Kathryn raised her hands in front of her face like a shield, just like Grandma Ginny had taught her.  Again, she commanded the hag to go.  And a second later, it vanished.

 

She couldn’t believe it.  Kathryn stood for a stunned moment scanning the room; the hag had indeed disappeared.  But was it still there?  She didn’t yet have enough experience to tell for sure.  Kathryn crawled across the bed to get to her brother, lying there in a fitful sleep.

 

“Kellan, can you hear me?”  She reached for the blankets to cover him as his privates were still exposed.  “Wake up.”  Kathryn watched his face closely, giving his thin shoulder a shake.

 

He groaned and shifted on the bed, then opened his honey-brown eyes.  When he saw her, he sat bolt upright and threw his arms around her neck.  He began to cry—something he hadn’t done since Grandma Ginny’s funeral three years earlier. 

 

Alarmed, Kathryn held him and spoke in his ear.  “Are you all right?”

 

“I had a nightmare,” he said in a hitching voice.  “There was . . . a monster.”

 

“Shh.”  She tried to soothe him but knew he could feel her still shaking with adrenalin.  “I made the monster go away.”

 

An explosive gust of wind blew open the window next to Kellan’s bed.  The hag lunged toward the children, arms outstretched like she intended to scoop them up.  Kellan screamed into his sister’s shoulder.  Kathryn had no time to think, she could only react from her gut.  She threw up her hands and hollered for the hag to go.  There was thunderous noise, the bed rattled on the wooden floor, and then Kathryn was running down the road behind the general store.  How she got that far from the cabin in only a split second, she did not know.

 

She felt the cold of the late mountain night and sharp little stones in the dusty road under her bare feet.  The hag was in flight in front of her, only a few feet ahead, barreling through the air toward a towering old-growth pine tree.  Kathryn had a plan—the only plan she had access to at that point in her studies.  She would bind this monster to that tree.

 

“You are bound!” she called out.  The hag, still in fast flight, glared back at her and showed its broken teeth.  “You are bound!”  Kathryn gained ground and ran up behind the hag, close enough to smell the mildewed stench of its raggedy clothes.  “You are bound!”  She pushed her energy through her fingers, picturing the monster being consumed by the huge tree. 

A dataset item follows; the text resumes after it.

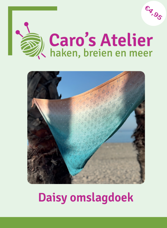 Breipatroon voor de Daisy Omslagdoek van Caro's Atelier. Dit patroon is een eigen ontwerp van Caro's Atelier.
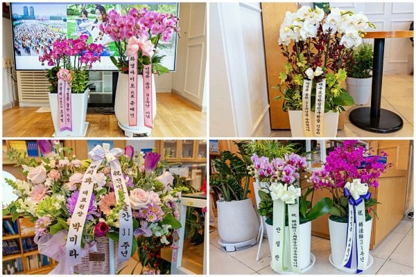 當地法輪功學員贈送了花籃,表達自己的感恩。他們來自各行各業,有生物公司的CEO,牙科診所主任和大邱市健康與環境研究所所長等。來自全國各地的五十餘名參與者齊聲朗讀《轉法輪》,並分享自己修煉後發生的變化。部分學員通過視頻分享修煉心得,很多人都表達了對結緣《轉法輪》的感恩之情,現場不時傳來歡笑聲、驚歎聲。

Kathryn closed her eyes, panting from exertion and fear.  The night was crowded with animals, crickets and birds, conferring with each other about this sudden ruckus.  She looked up at the tree.

 

The hag’s limbs poked from the gnarled brown trunk, its hideous face half melted into the bark.  The one eye that was still exposed bulged and seethed at the young girl, standing strong on the dusty road at the tree’s roots.  Succubus and outcaster stared each other down.

 

Under her breath and with every last ounce of conviction she possessed, Kathryn said, “You are bound.”

 

The massive old tree swallowed the hag whole where it would remain for the rest of time.